═════ SUPPLIED INFORMATION ═════

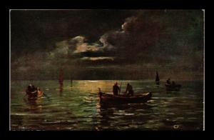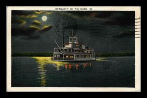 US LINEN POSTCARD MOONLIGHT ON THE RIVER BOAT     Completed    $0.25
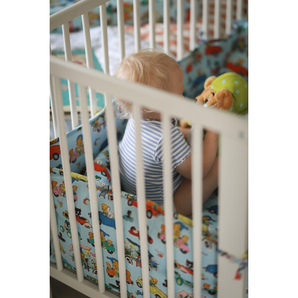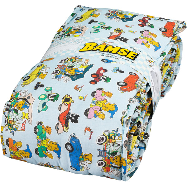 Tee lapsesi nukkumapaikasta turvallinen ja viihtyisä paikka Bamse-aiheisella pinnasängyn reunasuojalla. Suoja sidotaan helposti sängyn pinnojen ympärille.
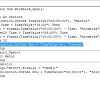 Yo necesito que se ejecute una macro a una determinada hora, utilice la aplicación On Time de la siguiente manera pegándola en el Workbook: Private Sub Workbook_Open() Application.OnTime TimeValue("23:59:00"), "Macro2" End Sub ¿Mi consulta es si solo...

═════

EXERCISE DESCRIPTION =
The answer is every line of the data, exactly as written, with the pictures dropped.

SOLUTION FOR THIS EXERCISE =
 US LINEN POSTCARD MOONLIGHT ON THE RIVER BOAT     Completed    $0.25
 Tee lapsesi nukkumapaikasta turvallinen ja viihtyisä paikka Bamse-aiheisella pinnasängyn reunasuojalla. Suoja sidotaan helposti sängyn pinnojen ympärille.
 Yo necesito que se ejecute una macro a una determinada hora, utilice la aplicación On Time de la siguiente manera pegándola en el Workbook: Private Sub Workbook_Open() Application.OnTime TimeValue("23:59:00"), "Macro2" End Sub ¿Mi consulta es si solo...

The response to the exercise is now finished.